Only the pictures should be left out; write out all other data exactly.

> **Dataset extract**:

◆ ◆ ◆ ◆ ◆ ◆ ◆

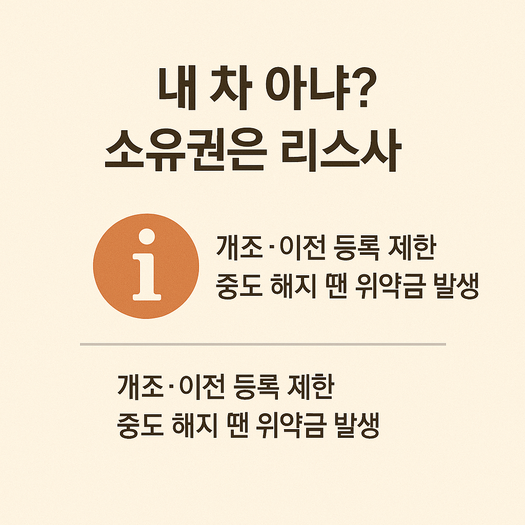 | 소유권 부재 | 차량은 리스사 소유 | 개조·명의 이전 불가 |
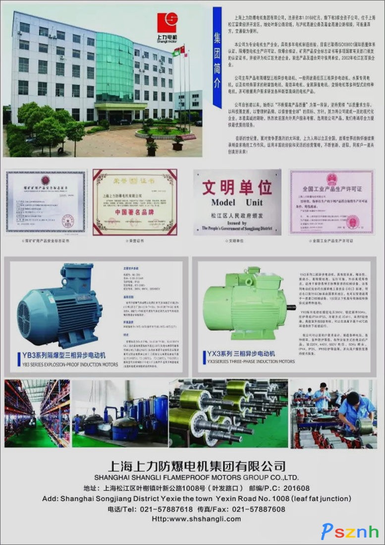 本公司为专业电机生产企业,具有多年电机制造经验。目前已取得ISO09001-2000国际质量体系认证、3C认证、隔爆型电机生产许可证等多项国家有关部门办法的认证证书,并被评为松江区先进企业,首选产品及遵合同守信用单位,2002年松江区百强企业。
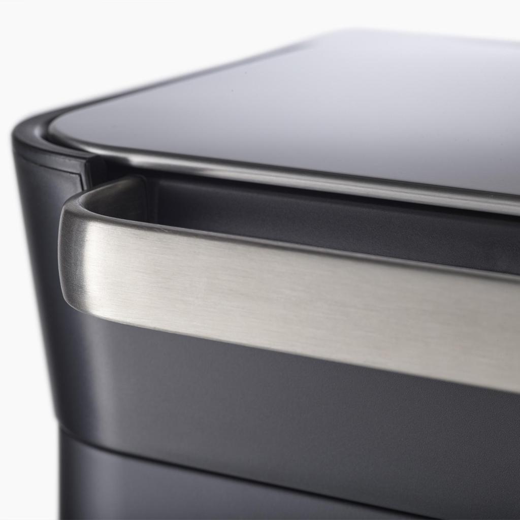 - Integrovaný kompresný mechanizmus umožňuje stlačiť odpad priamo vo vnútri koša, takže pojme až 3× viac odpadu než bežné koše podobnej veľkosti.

◆ ◆ ◆ ◆ ◆ ◆ ◆

> **Task answer**:
 | 소유권 부재 | 차량은 리스사 소유 | 개조·명의 이전 불가 |
 本公司为专业电机生产企业,具有多年电机制造经验。目前已取得ISO09001-2000国际质量体系认证、3C认证、隔爆型电机生产许可证等多项国家有关部门办法的认证证书,并被评为松江区先进企业,首选产品及遵合同守信用单位,2002年松江区百强企业。
 - Integrovaný kompresný mechanizmus umožňuje stlačiť odpad priamo vo vnútri koša, takže pojme až 3× viac odpadu než bežné koše podobnej veľkosti.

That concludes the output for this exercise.